I have a list of web pages that I need to scrape, parse and then store the resulting data in a database. The total is around 5,000,000.
My current assumption of the best way to approach this is to deploy ~100 EC2 instances, provide each instance with 50,000 pages to scrape and then leave that to run, then once the process is completed merge the databases together. The assumption is that would take around one day to run (600ms to load, parse and save each page).
Does anyone have experience with doing such a large volume of page scraping within limited time? I've done large numbers before (1.5m) but that was from a single machine and took just over a week to complete.
The bottleneck in my situation is the downloading of the pages, the parsing is something that takes no more than 2ms, so something that can streamline the process of downloading the pages is what I'm looking for.
Working on the assumption that download time (and therefore bandwidth usage) is your limiting factor, I would make the following suggestions:
Firstly, choose m1.large instances. Of the three 'levels' of I/O performance (which includes bandwidth), the m1.large and m1.xlarge instances both offer 'high' I/O performance. Since your task is not CPU bound, the least expensive of these will be the preferable choice.

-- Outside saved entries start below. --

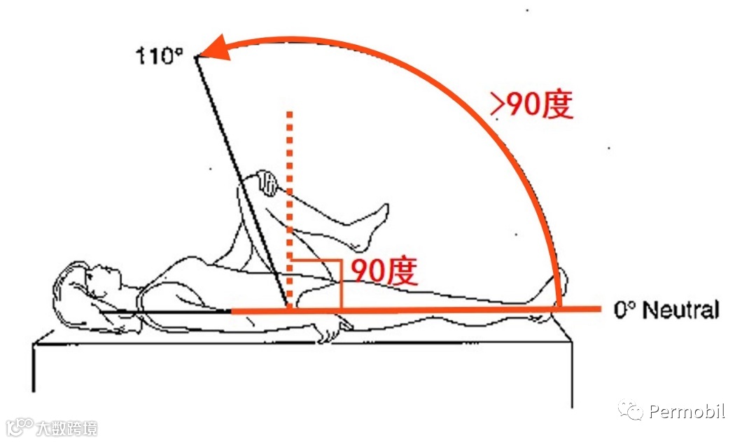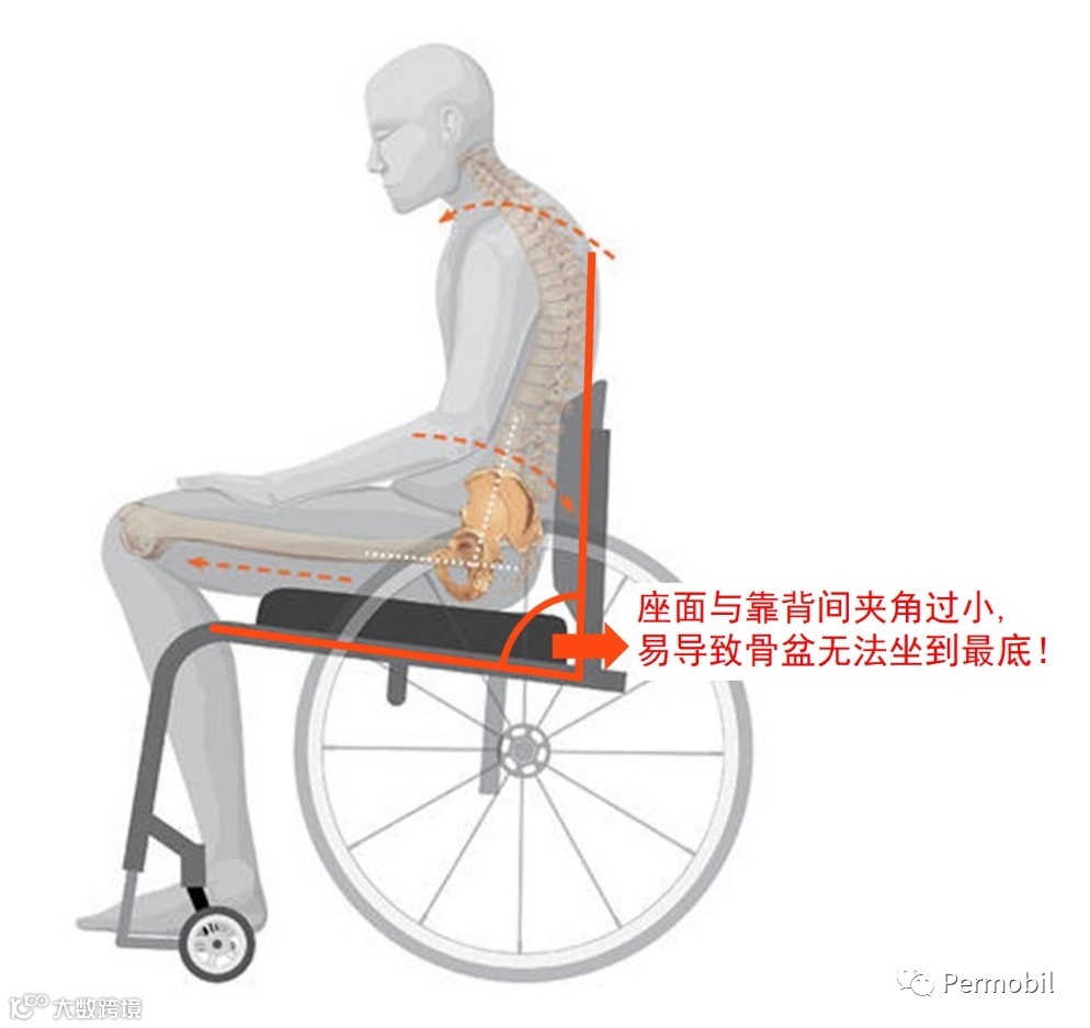 配置前后座高差的前提,则是须确定个人的髋关节活动范围及角度——越大的前后座高差会使整体下肢摆放的位置越向胸口方向靠近,若是髋关节有活动度受限情形,弯曲角度无法超过90度,则无法完全坐进如此配置的轮椅中,可能代偿成为骨盆后倾的不良坐姿。
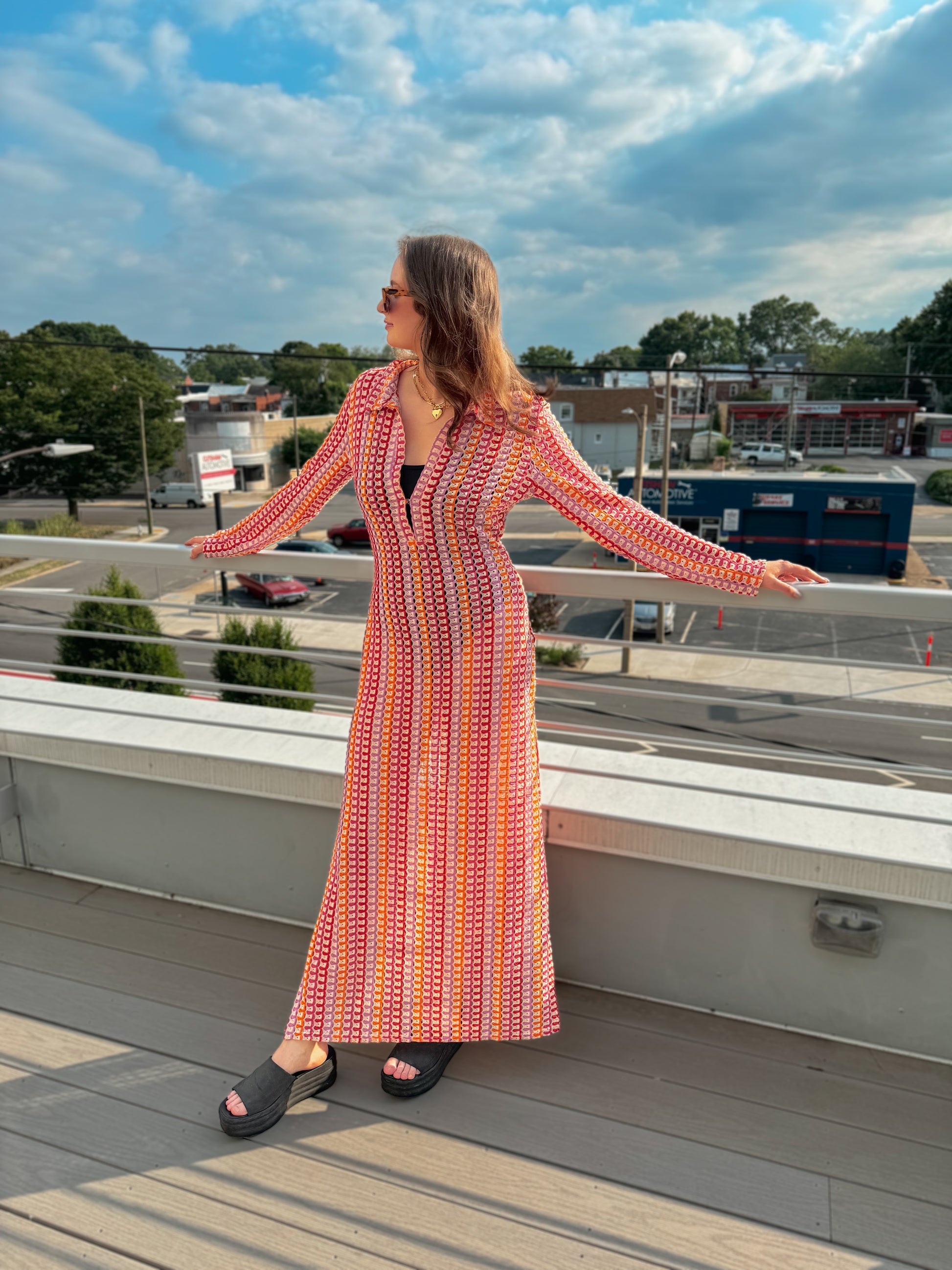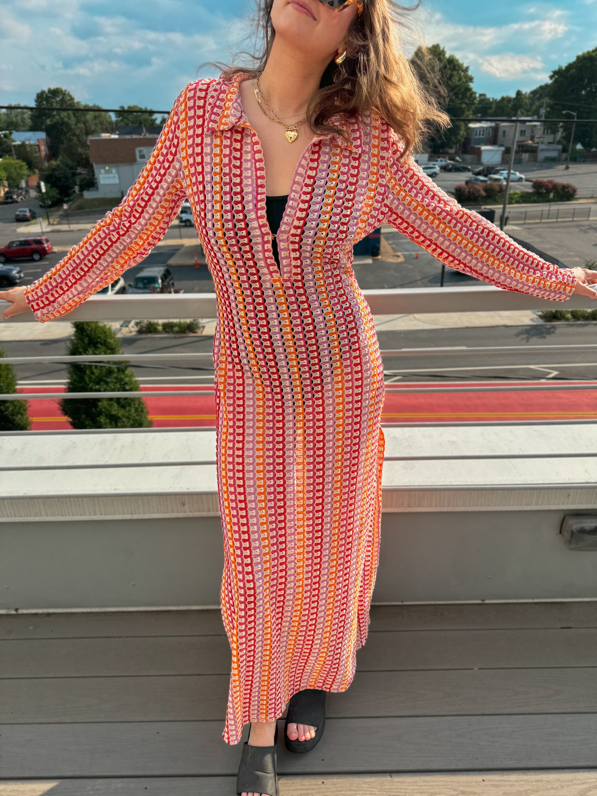 The Sunset Cover Up is a lightweight, knit swimsuit coverup with a collared deep-V neckline which includes a versatile hook & eye clasp. There are slits on both sides starting around the thighs. We’re absolutely obsessed with the knitted lace print plus the colors in this cover-up!
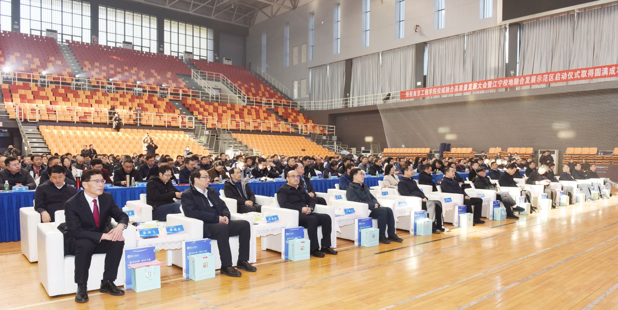 江宁区委、区政府有关部门负责同志,市各科技产业镇长团成员,重点合作单位代表、各产学研合作及签约项目代表、校友代表,凯发全体中层干部、师生代表以及媒体代表参加大会。
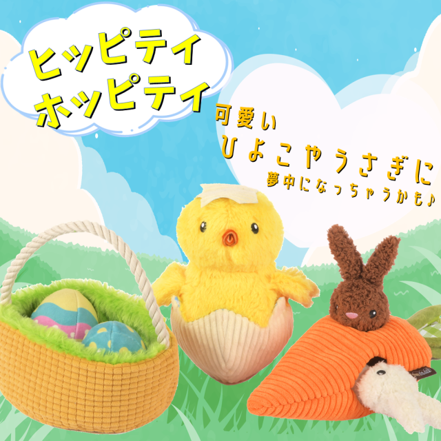 P.L.A.Y.(プレイ)のプラッシュトイ「Hippity Hoppity(ヒッピティホッピティ)」シリーズが新登場!卵の中から出てきたのはひよこ??人参の中から出てきたのは・・・うさぎ ??エッグバスケットの中にはカラフルな卵が・・・!!見ているだけで癒される可愛らしいおもちゃです。おもちゃの場所によってプープーなったりカシャカシャなったり愛犬を飽きさせません。
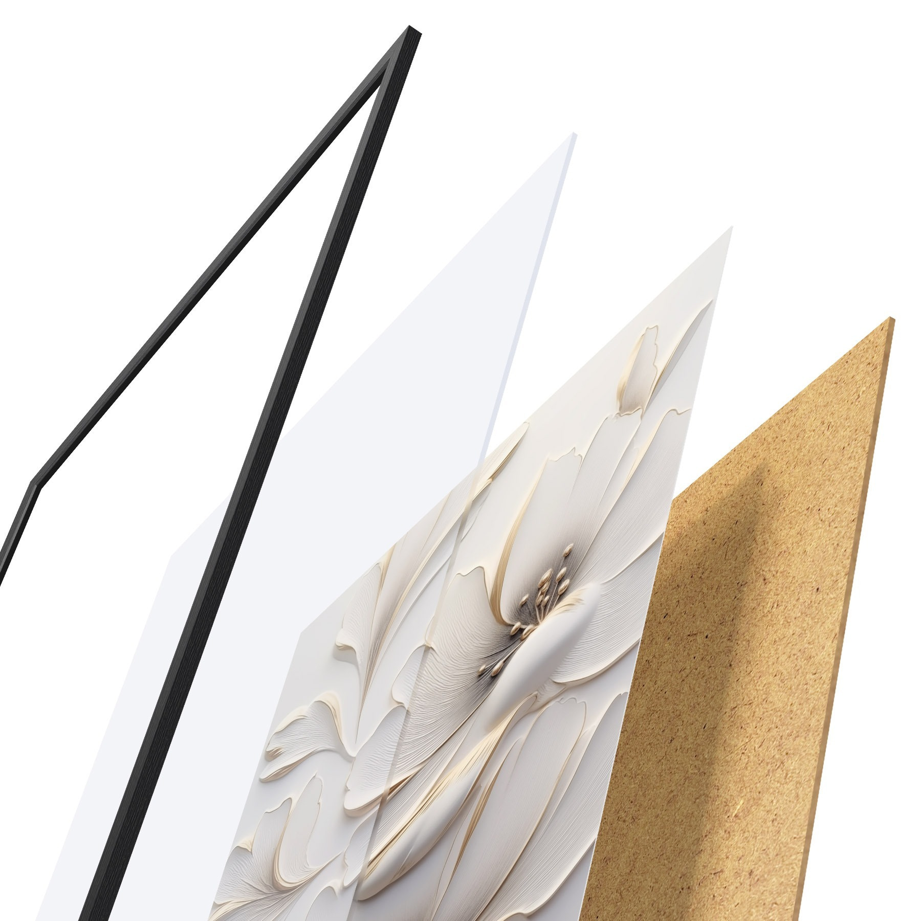 Plakatą sudaro rėmas, pleksiklas, atspausdintas vaizdas ir medžio drožlių plokštės pagrindas. Plakatą galima iš karto pakabinti ant sienos dėl kitoje pusėje esančių laikiklių.
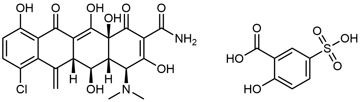 Synonyms: (4S,4aR,5S,5aR,12aS)-7-chloro-4-(dimethylamino)-3,5,10,12,12a-pentahydroxy-6-methylene-1,11-dioxo-1,4,4a,5,5a,6,11,12a-octahydrotetracene-2-carboxamide 2-hydroxy-5-sulfobenzoate
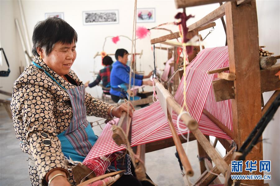 4月25日,合阳县黑池镇西中雷社区贫困户王玲娃在老式织布机上织布。 家住陕西省渭南市合阳县的马艳勤,2014年回到乡下,在村上办起“古莘粗布制作中心”。3年后又组织当地60多名妇女,其中贫困户50人,成立“撂锣梭织土布专业合作社”,发展壮大传统的粗布产业,帮助乡亲们在家门口实现脱贫致富。 新华社记者陶明摄
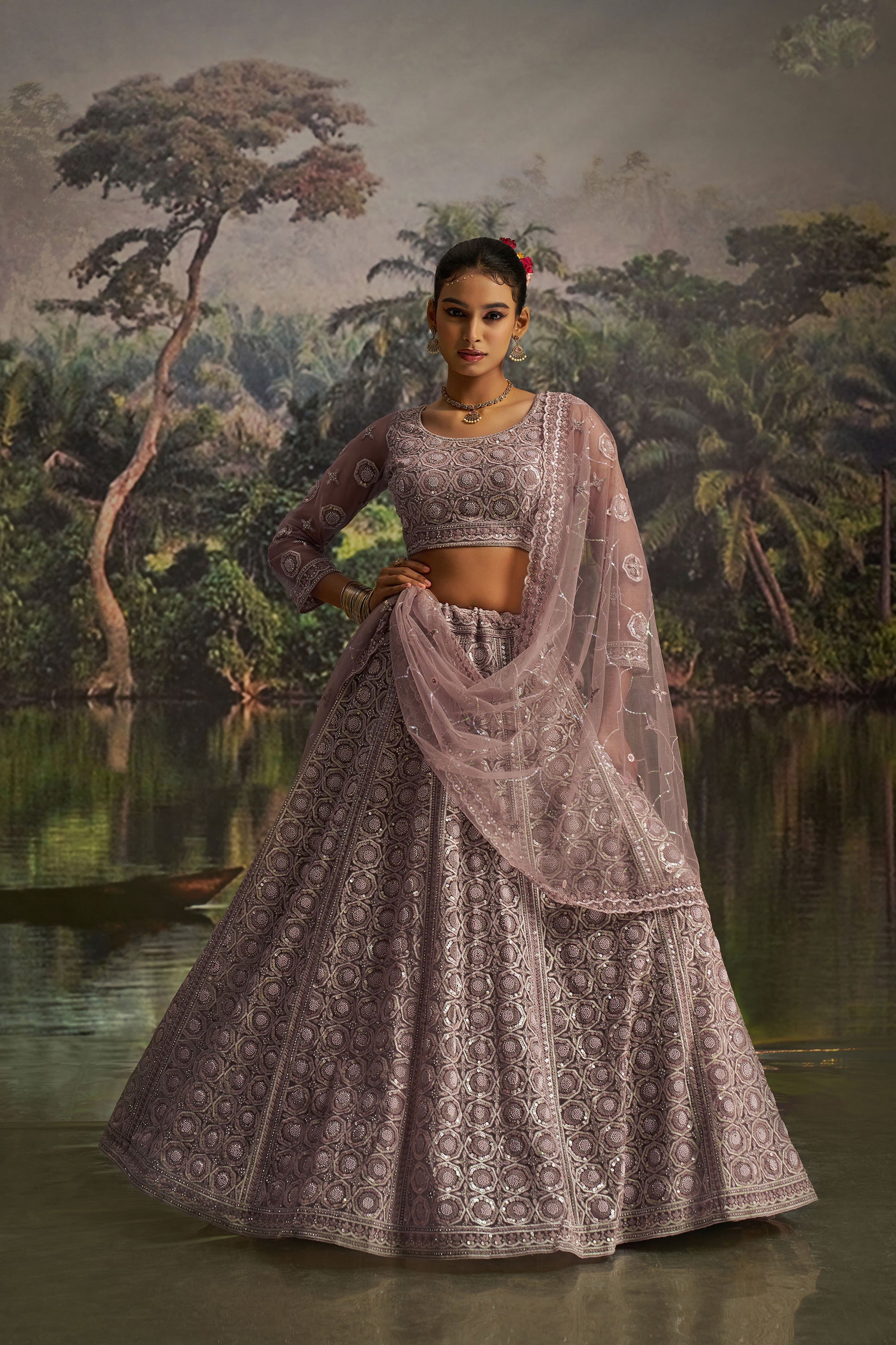 Mauve Soft Net Dori, Zarkan & Sequins Embroidered Sangeet Lehenga
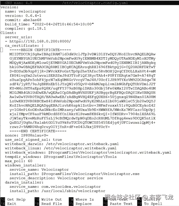 /etc目录的velociraptor.config.yaml文件:sudo nano /etc/velociraptor.config.yaml -
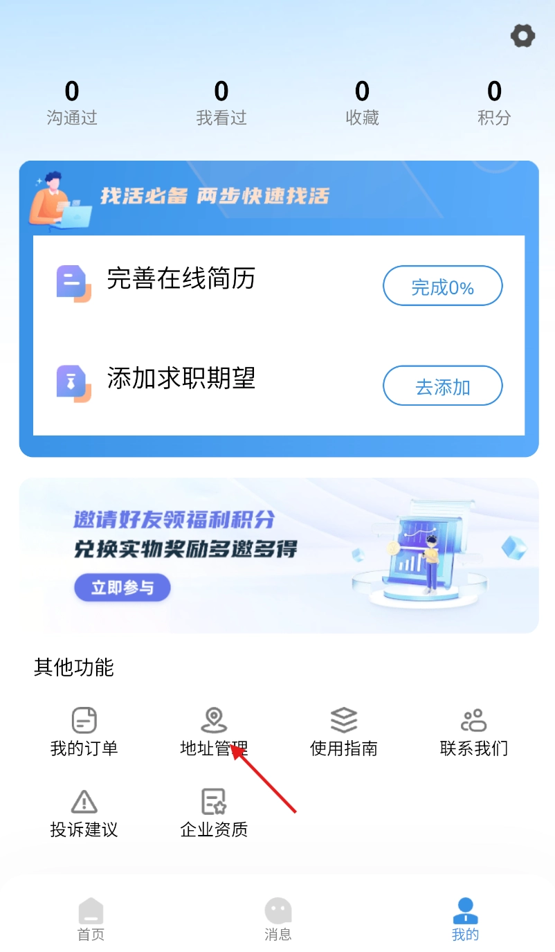 2、进入个人页面后,向下滑动找到“其他功能”板块,点击“地址管理”按钮,即可进入地址管理界面。
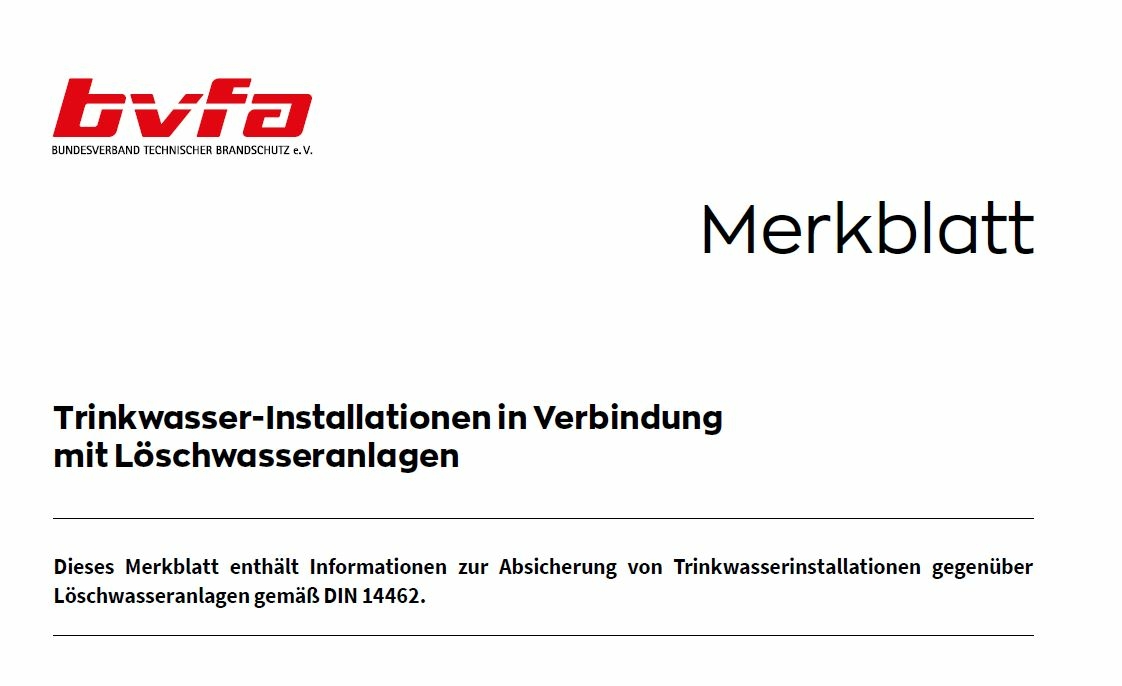Das Merkblatt „Sanierung vorhandener Trinkwasser-Installationen in Verbindung mit Löschwasseranlagen im Bestand“ weist auf die gestiegenen Hygieneanforderungen von Trinkwasserinstallationen hin und die damit gegebenenfalls erforderliche Sanierung von Wandhydranten bzw. Über- und Unterflurhydranten. Zur Erfüllung der Trinkwasserverordnung dürfen diese nicht ohne eine geeignete Sicherungseinrichtung angeschlossen werden. Außerdem muss in allen Leitungsteilen ein ausreichender Wasseraustausch sichergestellt sein. Bei nicht erfüllten Hygieneanforderungen erlischt der Bestandsschutz bei Trinkwasserinstallation. Es werden mehrere Alternativen zur Vorgehensweise beschrieben.
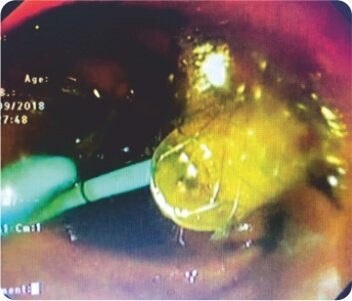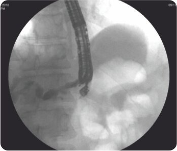 EUS guided puncture of IHBRD in the second segment of liver was done from stomach and after the cholangiogram, the tract was dilated sequentially using cystotomes till 10F and a 60×10 mm fully covered biliary metal stent was deployed connecting the stomach and the second segment of liver. A 7F 7cm double pigtail plastic stent was deployed within the metal stent to prevent its displacement. There were no periprocedural complications and the patient underwent chemotherapy after normalization of bilirubin. During follow-up 3 months after the procedure, the patient’s LFT remained normal.
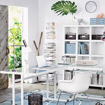 無論書桌與電腦臺是否連接,“L”形的臺面是最適合工作與上網的工作臺首選方案。臺面下一定要有一個足夠大的鍵盤架,最好能放得下鼠標,為了能讓雙足有充分的伸展空間,臺面下能空則空,最多加一個小推柜即可。如果有空間,在電腦臺旁擺放一個半高的小文件柜或書架,或是在工作臺的墻面上搭幾塊隔板,就會讓文件、書籍、光盤的拿取變得輕而易舉。
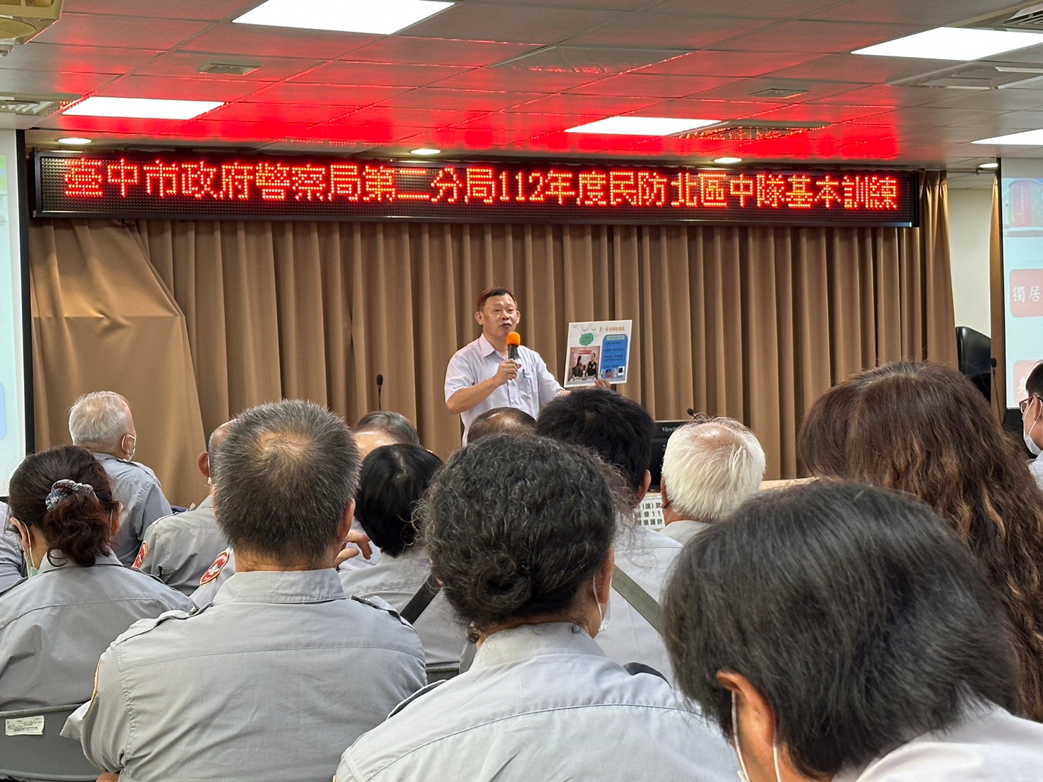為強化支援國土防衛作戰之全民防衛動員準備,並增進民防團隊工作效能及服務熱枕,臺中市政府警察局第二分局於日前整編民防基本訓練,以戰時任務為導向,強化分組訓練,並進行相關專業訓練,聚集建立民間防衛力量與共識,達到民間自衛、自救及互助,建構支援力量,維護國土安全。台中市北區民防中隊成員共計165名,其中有數對父子檔及兄弟檔,同堂訓練深具傳承意義。
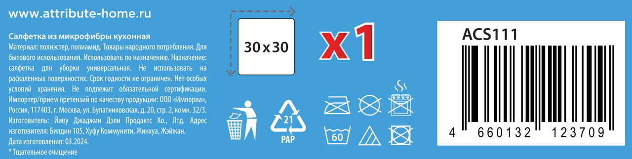 Салфетка Attribute кухонная микрофибра, 30 x 30см
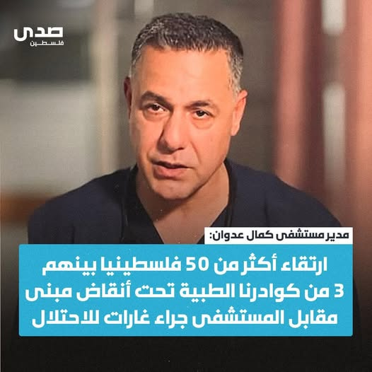 Quds News Network reported that Israeli forces reportedly bombed the Al-Safir residential tower near the Kamal Adwan Hospital, with Hani al-Shaer noting that at the time of the strikes, the tower housed several displaced families, including the Al-Daqs family. Hamdios Vabadus and Nisreen Razayna termed the strikes a “massacre”, with Mc-doualiya posting that more than 50 had been killed, including medical staff who were “with their families in the house” when the tower was hit, and “their bodies are still under the rubble.” Palhadath2019 reported that civilians were also injured in the strike.

Secondly, your instance will be able to download far faster than any site can serve pages - do not download a single page at a time on a given instance, run the task concurrently - you should be able to do at least 20 pages simultaneously (although, I would guess you can probably do 50-100 without difficulty). (Take the example of downloading from a forum from your comment - that is a dynamic page that is going to take the server time to generate - and there are other users using that sites bandwidth, etc.). Continue to increase the concurrency until you reach the limits of the instance bandwidth. (Of course, don't make multiple simultaneous requests to the same site).
If you really are trying to maximize performance, you may consider launching instances in geographically appropriate zones to minimize latency (but that would require geolocating all your URLs, which may not be practical).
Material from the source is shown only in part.